BATU - Surat Perintah Mulai Kerja (SPMK) untuk perbaikan talang air dan drainase di Pasar Induk Among Tani sudah terbit pada 13 Agustus lalu. Itu artinya, proses perbaikannya sudah bisa dilakukan. Namun, pengerjaannya baru akan dimulai hari ini (18/8). Saat ini pihak ketiga masih melakukan persiapan dengan membangun basecamp untuk para tukang.
Pengerjaan ditarget tuntas 10 November mendatang. Sebab, masa kontraknya hanya 90 hari alias tiga bulan saja. Anggaran yang digelontorkan untuk perbaikan talang air dan drainase tersebut sebesar Rp 2,6 miliar. Angkanya lebih kecil dibandingkan perkiraan awal yang mencapai Rp 3 miliar.

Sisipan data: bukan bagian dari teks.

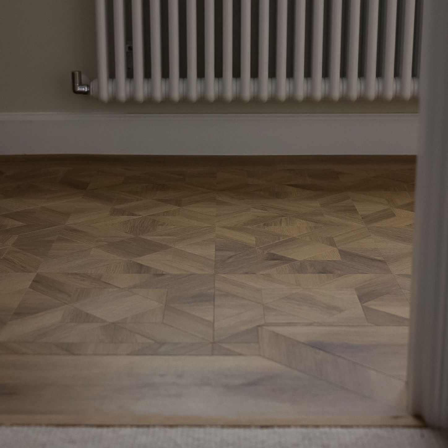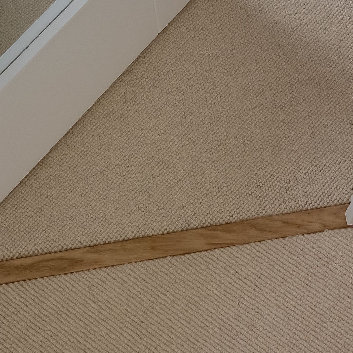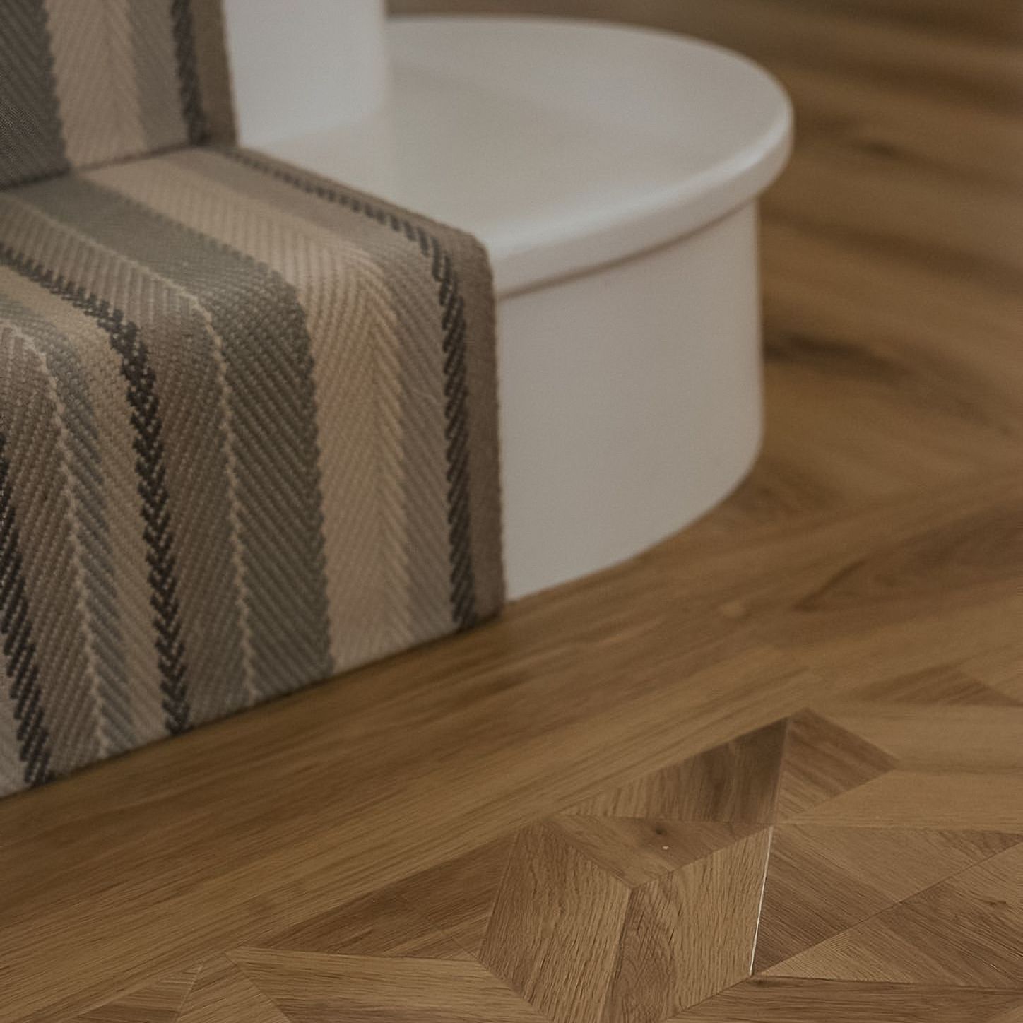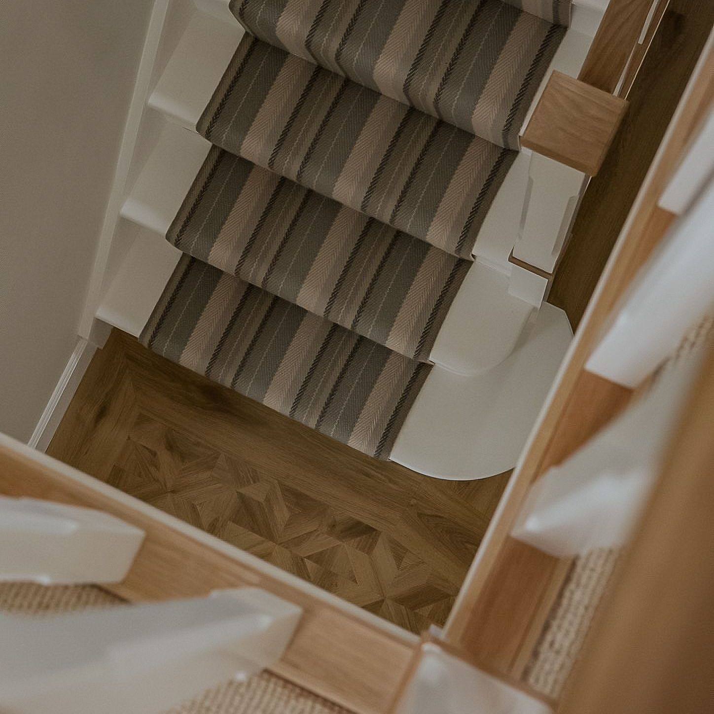 Rather than moving, the family fell in love with both the house and its serene surroundings, deciding that the best way to make it perfect for their needs was to invest in thoughtful, high-quality design. They chose Amtico LVT boards in York Oak to grace the downstairs living areas, adding warmth and elegance. The boards elegantly transition into a stunning Victorian Star pattern at the entrance, creating a welcoming focal point. To complement this, a striking Roger Oates stair runner was selected in Isis Reed to keep the neutral and timeless design, whilst still making an impact. Upstairs, the family opted for Brockway's Beachcomber carpet in Strand, which transitions into Pebble in the bedrooms and snug. This subtle change in weave was selected to accommodate the angles of the rooms, allowing the carpet to flow effortlessly throughout, while maintaining a consistent, sophisticated look across the space.

Kabid Cipta Karya Dinas Perumahan dan Kawasan Permukiman (Disperkim) Kota Batu Syeh Zaenal Arifin mengatakan ada 10 pihak penyedia turun ke lapangan pascaterbitnya SPMK. Mereka meninjau lokasi serta melakukan penyerahan proyek secara resmi. "Yang pertama dilakukan adalah perbaikan talang air di atap bangunan," terang Syeh.
Dia menjelaskan ada beberapa titik kebocoran dengan kategori yang beragam. Mulai berat hingga perlu perbaikan ekstra. Namun, ada pula yang hanya mengalami kerusakan ringan. Setelah itu, dilanjutkan perbaikan drainase. Itu untuk peningkatan kapasitas dari 5 ton menjadi 20 ton. Selain itu, akan dilakukan perbaikan tutup salurannya.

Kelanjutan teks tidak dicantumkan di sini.